* _DIRECTIONS_
What is needed is an exact copy of the lines from the start of the records below through the line with "Chocolat blanc pistache", without the pictures.

[DATA FOR THIS EXERCISE]

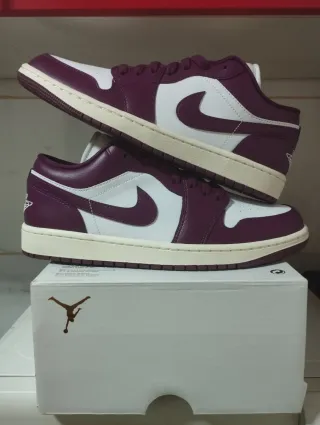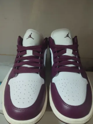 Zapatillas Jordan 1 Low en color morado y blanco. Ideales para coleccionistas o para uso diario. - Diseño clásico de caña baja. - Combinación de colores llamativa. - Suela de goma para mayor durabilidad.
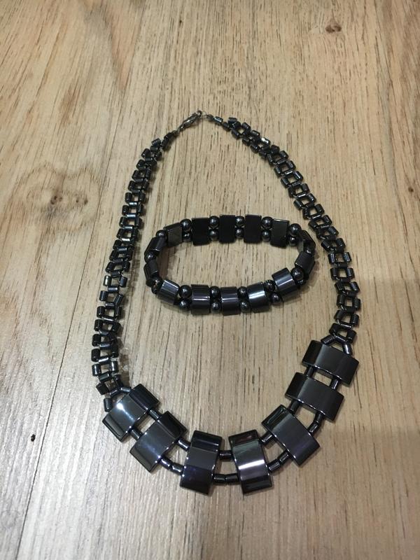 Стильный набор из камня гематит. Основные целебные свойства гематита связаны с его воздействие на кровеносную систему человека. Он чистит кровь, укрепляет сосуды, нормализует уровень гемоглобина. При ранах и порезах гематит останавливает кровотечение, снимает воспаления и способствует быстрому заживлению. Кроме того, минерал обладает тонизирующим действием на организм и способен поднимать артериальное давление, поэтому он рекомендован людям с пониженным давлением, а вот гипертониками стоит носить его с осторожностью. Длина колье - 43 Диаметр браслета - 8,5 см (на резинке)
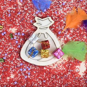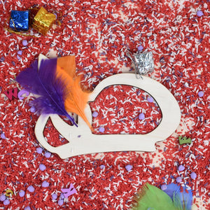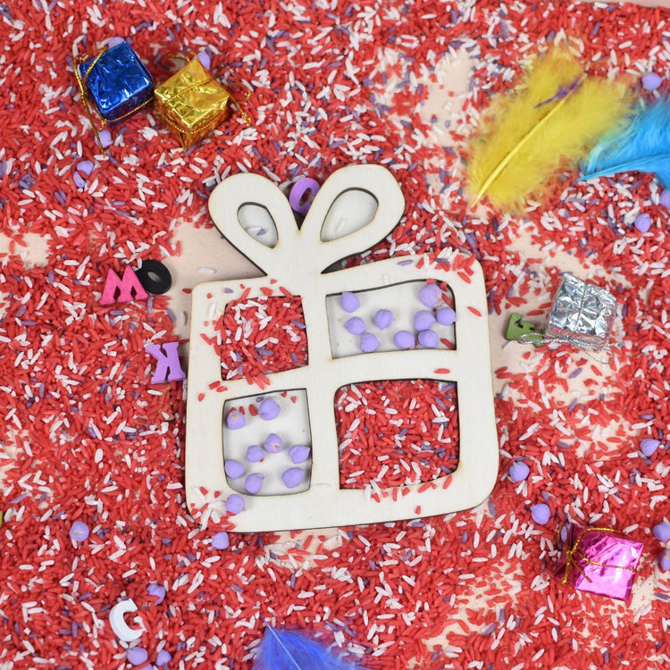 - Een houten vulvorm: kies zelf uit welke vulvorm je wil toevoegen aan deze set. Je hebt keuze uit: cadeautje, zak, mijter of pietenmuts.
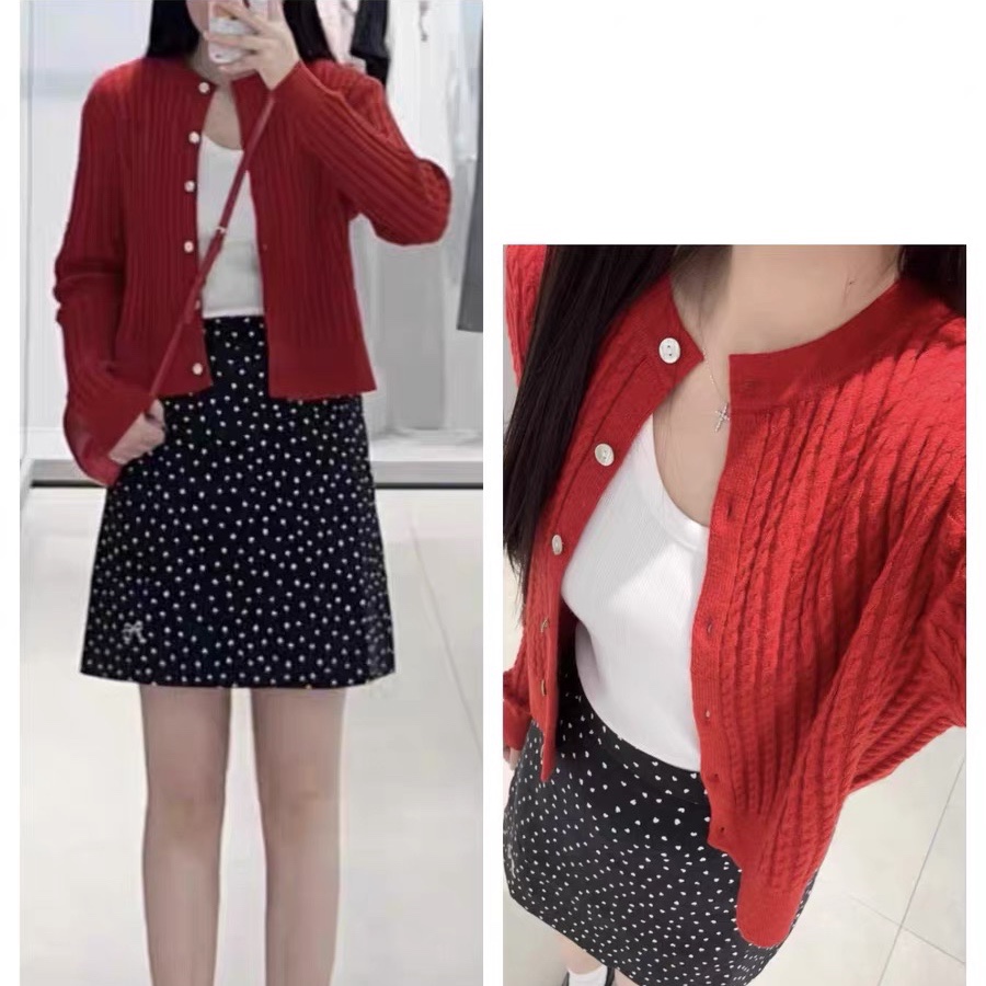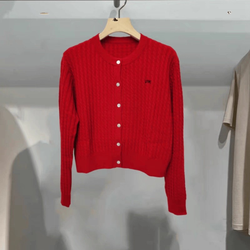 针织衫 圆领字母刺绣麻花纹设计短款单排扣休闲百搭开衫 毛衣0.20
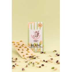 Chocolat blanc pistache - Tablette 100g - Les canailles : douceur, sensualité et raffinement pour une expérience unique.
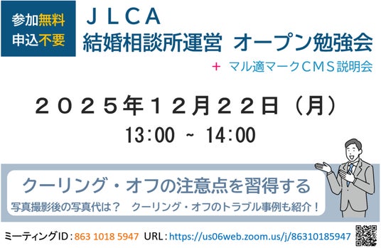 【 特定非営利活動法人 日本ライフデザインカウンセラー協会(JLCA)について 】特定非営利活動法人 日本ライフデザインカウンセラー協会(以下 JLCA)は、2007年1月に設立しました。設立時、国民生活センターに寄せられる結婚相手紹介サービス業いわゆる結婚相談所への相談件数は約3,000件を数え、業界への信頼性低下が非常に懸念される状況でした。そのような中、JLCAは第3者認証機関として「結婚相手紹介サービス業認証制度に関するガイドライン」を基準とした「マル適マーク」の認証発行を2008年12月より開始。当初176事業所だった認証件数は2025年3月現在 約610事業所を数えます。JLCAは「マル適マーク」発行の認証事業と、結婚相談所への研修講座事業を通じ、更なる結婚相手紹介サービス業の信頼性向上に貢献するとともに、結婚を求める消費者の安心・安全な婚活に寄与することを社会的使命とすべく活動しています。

[/DATA FOR THIS EXERCISE]

* _SOLVED EXERCISE_
 Zapatillas Jordan 1 Low en color morado y blanco. Ideales para coleccionistas o para uso diario. - Diseño clásico de caña baja. - Combinación de colores llamativa. - Suela de goma para mayor durabilidad.
 Стильный набор из камня гематит. Основные целебные свойства гематита связаны с его воздействие на кровеносную систему человека. Он чистит кровь, укрепляет сосуды, нормализует уровень гемоглобина. При ранах и порезах гематит останавливает кровотечение, снимает воспаления и способствует быстрому заживлению. Кроме того, минерал обладает тонизирующим действием на организм и способен поднимать артериальное давление, поэтому он рекомендован людям с пониженным давлением, а вот гипертониками стоит носить его с осторожностью. Длина колье - 43 Диаметр браслета - 8,5 см (на резинке)
 - Een houten vulvorm: kies zelf uit welke vulvorm je wil toevoegen aan deze set. Je hebt keuze uit: cadeautje, zak, mijter of pietenmuts.
 针织衫 圆领字母刺绣麻花纹设计短款单排扣休闲百搭开衫 毛衣0.20
 Chocolat blanc pistache - Tablette 100g - Les canailles : douceur, sensualité et raffinement pour une expérience unique.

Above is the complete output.